Todd was relieved. The big-decks surprise had been defused, and Cosgriff didn’t seem to suspect her of leaking the plan.
Then another emergency popped up, this one personal. Two FBI agents showed up in Bahrain with questions about her, Cabelly and Sudan. They told her Cabelly’s business dealings with the regime, prohibited by trade sanctions, were under investigation. Todd was surprised. Cabelly had been granted an exemption in 2005, and she assumed U.S. officials were using him as a back channel to the regime.
After an outcry by Rep. Frank Wolf (R-Va.), Cabelly had dropped his $530,000 annual contract with Sudan to provide PR advice to its embassy in Washington. The government believed he had quietly pursued other business in Sudan, notably oil and aircraft deals.
Todd said she told the agents she had as little to do with Cabelly as possible, outside of child support. She was now romantically involved with Capt. Charles Huxtable, a handsome Royal Australian Navy captain who was a liaison officer to the 5th Fleet.
“I was not helping Robert re Sudan,” Todd said in a recent e-mail. “I thought (and still do) that Robert was working on behalf of the USG.” Fifth Fleet commander Walsh, for one, met with Cabelly when he came to Bahrain.
Todd opened her house, as well as her computers, to the FBI agents, she said. They talked for hours. The FBI agents wanted to know about $30,000 Cabelly had given her. She said she explained that it was for emergency surgery — Bahrain hospitals demanded upfront cash guarantees from foreigners — but that she had returned it, because Colakoglu, her Turkish client, had stepped in to help her first.
She hired a lawyer.
Months passed. Todd heard nothing more from the FBI. But at work, she believed Cosgriff started freezing her out.
Then, on Dec. 13, 2007, he summoned her to his office. An intelligence report had come in about a possible Iran-backed attack on U.S. personnel in Bahrain. The report, which she guessed originated with the local CIA station, said the attacks were to be led by Bahrain’s top Shiite religious figure, Isa Qassim.
Todd thought the report was fishy. Although Bahrain’s Shiites did oppose the U.S.-backed Sunni monarchy, they’re Arabs, eternal enemies of the Persian Iranians. And Qassim himself, it happened, had warned Todd just the previous day that anti-monarchy demonstrators might attack places frequented by U.S. personnel.
The report “looked like a fabrication by someone trying to kill two birds with one stone, by making the Bahraini Shia appear to be anti-U.S. terrorists who also happened to be taking orders from Iran,” Todd said. “I knew, really knew, that the Bahraini Shia were trying to ensure U.S. personnel were nowhere near the possible violence.” She suspected the intelligence report was cooked up by Bush administration hawks.
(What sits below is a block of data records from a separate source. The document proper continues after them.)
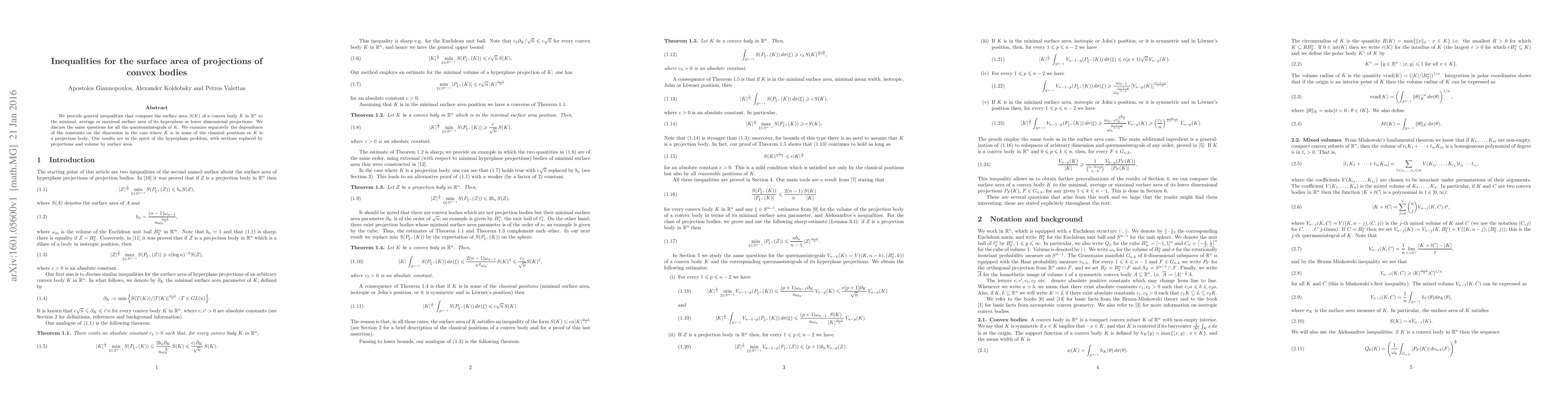This paper establishes inequalities relating the surface area of a convex body in ${\mathbb R}^n$ to the surface areas of its projections onto hyperplanes and lower dimensions. It also explores the dependence of these constants on the dimension, particularly for classical positions and projection bodies.
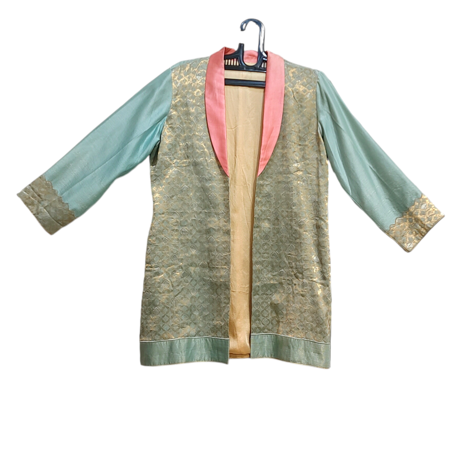 A mid-thigh length seafoam green silk brocade jacket with metallic gold woven detailing on the front panel, cuffs, and hem, featuring a coral pink satin shawl collar and an open front design, three-quarter sleeves with intricate texture
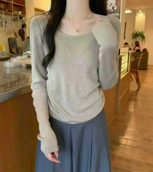 秋冬新款法式气质设计款弹力修身显瘦针织套头羊毛衫,...
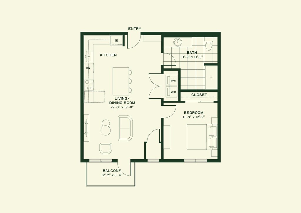 This beautifully arranged one-bedroom apartment offers an exceptional sense of space and flow, anchored by a 27’3" x 17’0" open living and dining room—ideal for entertaining and comfort. The open-concept kitchen features ample cabinetry and modern appliances including a refrigerator, range, and dishwasher. The bedroom comfortably accommodates a bed with room for additional furnishings at 11'9" x 12'5". The bedroom also features a large sliding door closet. At 11'9" x 11'5", the bathroom provides ample room for all toiletry needs. Additional highlights include in-unit washer and dryer situated in a closet between the kitchen and living room and a private balcony sized at 12'2" x 5'4", perfect for fresh air, morning coffee, or an evening wind-down. With its expansive living space, smart separation of private and social areas, and modern conveniences, this residence delivers easy, elevated living designed for today’s lifestyle.
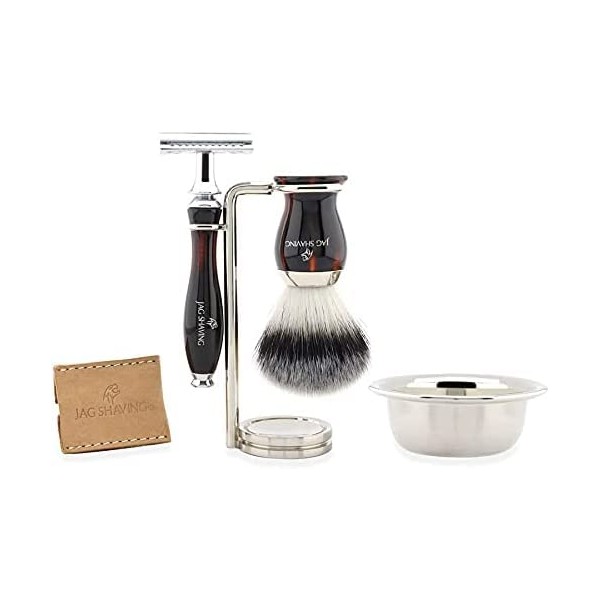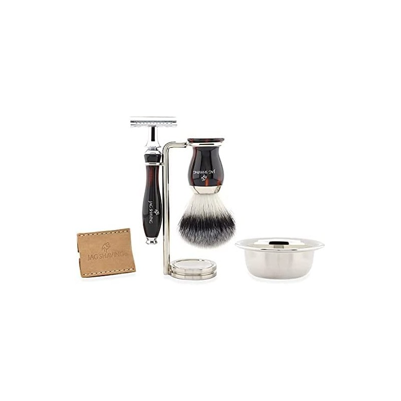 - This JAGShaving shaving set consists of a double-edged blade, shaving brush, shaving bowl and razor and brush stand in an elegant box.

Cosgriff “asked me if I could go out and verify the information at the source — an informant in Dirza, a Shia village — saying that he realized it was dangerous,” Todd said.
Cosgriff declined to answer questions for the record about his meeting with Todd; a retired senior naval officer familiar with his thinking said he did not issue an order.
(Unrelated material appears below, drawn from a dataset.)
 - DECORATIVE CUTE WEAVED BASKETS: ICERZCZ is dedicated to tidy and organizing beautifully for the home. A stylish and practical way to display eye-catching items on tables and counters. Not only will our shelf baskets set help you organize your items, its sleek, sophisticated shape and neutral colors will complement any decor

Todd’s boss, Martin Adams, recalled the event. “I saw the incoming report,” Adams said. “Someone — I do not remember who, but it was a junior officer — brought it to the office I shared with Gwenyth and showed it to her and to me. Subsequently, Gwenyth got a call, asking her to go down and see Cosgriff — an unusual event in itself. When she returned, she said she had to work that evening, as Cosgriff had asked her to go out to confirm the information in the report.”
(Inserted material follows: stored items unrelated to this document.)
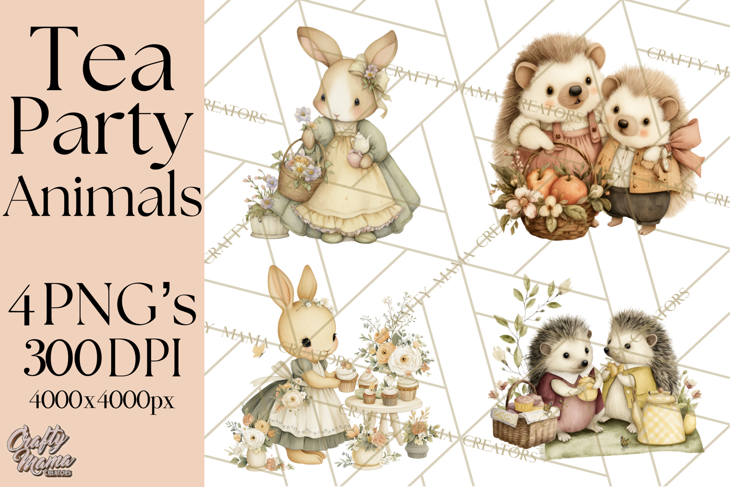 Similar Design Products to Vintage Spring Animals Clipart, Tea Party Picnic Png
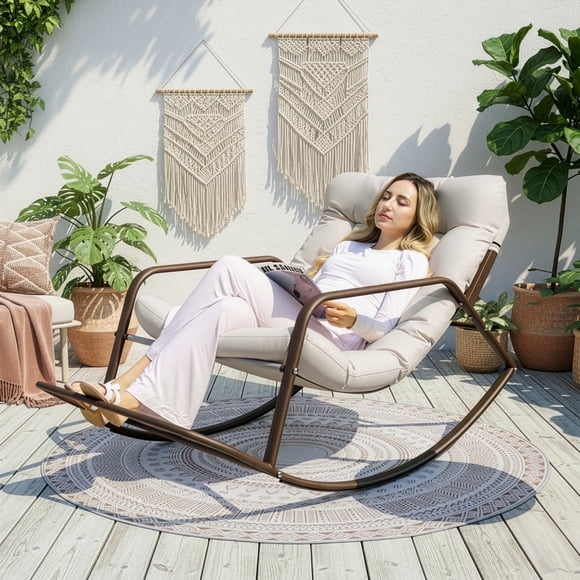 RADIATA Oversize Rocking Chair with Cushion & Footrest, Indoor Outdoor Rocking Chair Recliner, 450 lbs Capacity, Beige $129.00 Was $239.00
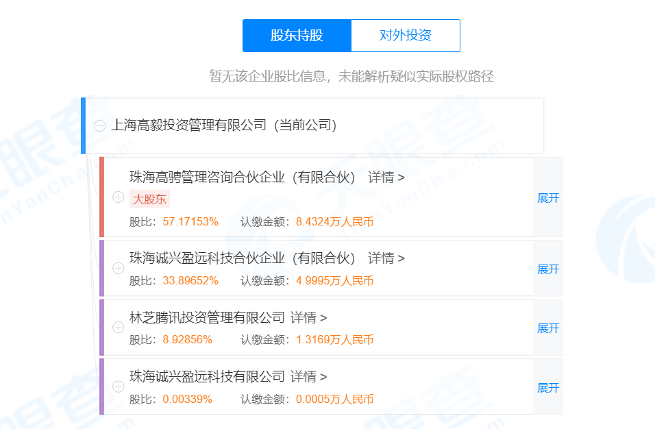 上述消息,主要源于一条工商变更信息。天眼查数据显示,近日,上海高毅投资管理有限公司(下称:高毅投资)发生工商变更,新增林芝腾讯投资管理有限公司、珠海高骋管理咨询合伙企业(有限合伙)为股东,同时,法定代表人由张海燕变更为韩海峰。此次,腾讯产业投资基金有限公司的全资子公司-林芝腾讯投资入股1.3万元,高毅投资注册资本从5万增至约14.75万,增幅约195%。

But first, they called Cmdr. Carl Inman, the assistant Fleet N2, or intelligence officer. “He was very surprised Cosgriff had called me, not him,” Todd said. Inman said he could not recall that.
According to Todd and Adams, however, the three decided that going at night to Diraz, a restive Shiite area seven miles north of Manama, was too dangerous. Instead, she’d try a foreign businessman in town who had good contacts among leading Shiites.
That night, she met at a Manama restaurant with the businessman and a Shiite dissident, a man the CIA station chief had once warned her was a “terrorist” but who she was confident was not. It soon became clear they were being watched by Bahraini security men, she said.
The dissident batted away the report. The last thing the Bahraini Shiites wanted, he said, was to antagonize the Americans. But violence definitely could erupt between protesters and security forces, he said. U.S. personnel should steer clear.
Todd returned to the base at 10:30, but at the gate, her security badges didn’t work. A glitch, she thought. She talked the guard into letting her in and wrote up a warning report.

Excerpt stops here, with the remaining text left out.